Publié : 02 avr. 2006, 02:13
par Bruno Chaza
Un plaisir de partager avec Stefan Barillon
....Voilà l'échange de ce moment passé avec Stephan
Bruno Chaza

1 - Peux-tu nous expliquer comment tu as commencé ton activité de luthier ? La lutherie, comme tout travail artisanal, demande un savoir ; comment as-tu apprivoisé les techniques spécifiques du métier, 2 as-tu suivi une école, travaillé avec un maître artisan ou es-tu autodidacte ?
J'ai toujours été très bricoleur et le travail manuel minutieux m'a toujours intéressé; fabriquer ma première guitare a été un défi passionnant qui m'a pris près d'un an. J'ai décidé, après une période d' hésitation, d'en faire mon métier et j'ai choisi une formation de qualité aux Etats Unis ,à Phoenix, Arizona.
Une formation intensive et très riche en enseignement. N'oublions pas que c'est le pays de la guitare "moderne". Le cursus traitait de fabrication (électrique et acoustique) ainsi que de réparations.
A mon retour, je me suis installé, d' abord dans un garage familial, puis dans mon atelier actuel sur Aix en Provence.
L’échange entre confrères est aussi un paramètre à noter, il n'y a pratiquement pas de concurrence entre nous et l'ambiance lors de salons ou d'expos est toujours sympathique, voire festive.

3 – Peux-tu nous expliquer le story-board de la fabrication d’une basse, de la conception à la finition ?
On peut fabriquer une basse de mille façons différentes: manche collé, traversant, vissé, attaquer par le manche ou par le corps, travailler avec des machines ou faire tout à la main.
Regardez les bouquins dédiés à la fabrication amateur, ils n'ont pas tous le même cheminement. Pourtant, à la fin, on a une basse et heureusement, c'est là qu'est l'intérêt de l'artisan luthier car il fait transparaître à travers son travail toute sa personnalité. Demandez à plusieurs luthiers de vous réaliser la même basse et je suis sûr qu'elles ne seront pas tout à fait les mêmes.
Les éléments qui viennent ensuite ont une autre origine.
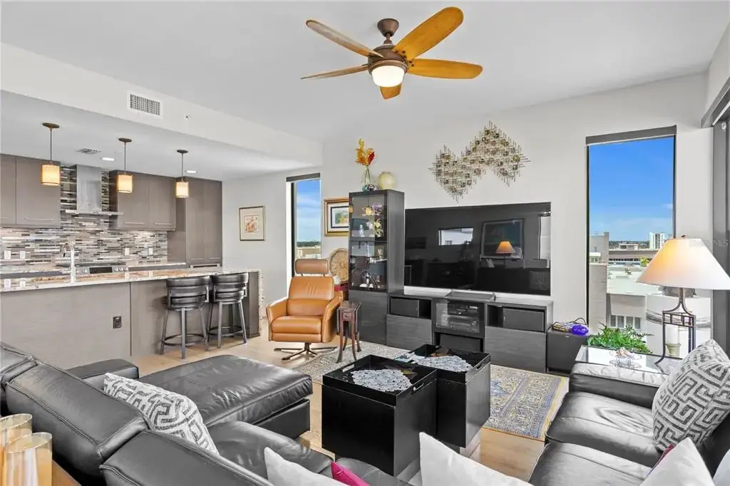 Experience breathtaking, sweeping views of downtown St. Pete, the Pier, Tampa Bay, the Dali Museum, and Albert Whitted Airport from the 12th-floor balcony of this spacious residence at The Salvador. A welcoming Gallery entry sets the tone, offering space for artwork, artistic expression and a direct line of sight to the stunning vistas beyond. This 1,555 sq. ft., 2-bedroom, 2-bath home features a unique open floor plan with windows on three sides—ensuring abundant natural light, dramatic views, and complete privacy with no adjacent units. The expansive living and dining areas are framed by floor-to-ceiling windows, with motorized blackout shades on the East and West exposures. The contemporary kitchen has been thoughtfully upgraded with custom waterfall-edge countertops, a deep single-basin sink with modern faucet, natural gas range, Samsung 28 cu. ft. French door refrigerator with food showcase panel and filtered ice/water, and a wine cooler. Design upgrades continue throughout: premium sinks and Moen faucets in both bathrooms, Cat 6 wiring from a centralized Ethernet switch, and sunshade blinds in both bedrooms, double-hung with blackout layers. The primary suite features a generous walk-in closet and a spa-inspired bath with a deep soaking tub, a large walk-in shower with a custom glass enclosure, dual Moen fixtures (rainhead and handheld), each with individual thermostatic controls, and a dual-sink vanity. The guest bedroom includes a custom queen-size Murphy Bed with swinging bookshelf doors. A laundry closet between the bedrooms includes Samsung front-loading washer and dryer with added storage. This residence includes two adjacent second-floor parking spaces and a substantial climate-controlled storage room. The Salvador, a LEED-certified building with only 74 units, offers an array of amenities including a pool and spa, a state-of-the-art fitness center, a social room, grilling area, dog park with wash station, sculpture garden, and outdoor fire pit. Concierge service and on-site management ensure effortless living in this tranquil yet centrally located oasis, just blocks from downtown attractions like the Dali Museum, Mahaffey Theater, Albert Whitted Airfield, and the vibrant Saturday Morning Market. Elevate your lifestyle with a private tour of this exceptional residence at The Salvador and discover unparalleled luxury living in the heart of St. Pete. Schedule your visit today to immerse yourself in this unparalleled blend of privacy, luxury, and location.

4 - En quoi les bois utilisés t’aident-ils dans la quête du son recherché ?
La vibration de la corde est directement influencée par le bois. En effet, ce dernier permet à l'instrument de sonner (l'aurait-on oublié), un des mécanismes importants pour moi (je prends mes précautions) est que, lors de l'attaque, on excite la corde en la faisant vibrer, puis cette vibration vient heurter le sillet (ou la fret) et le chevalet qui la transmettent au bois (manche et corps) qui lui même va re-exciter la corde et ainsi de suite.
La sinusoïde décrite par la corde est alors directement influencée par la densité, la structure ou le débit des essences de bois sélectionnées.
En règle générale, l'acajou est assez profond et a pas mal de sustain, l'érable privilégiera plutôt les aigus alors que le noyer sera beaucoup plus doux au son.
Beaucoup de collages modifient aussi le son.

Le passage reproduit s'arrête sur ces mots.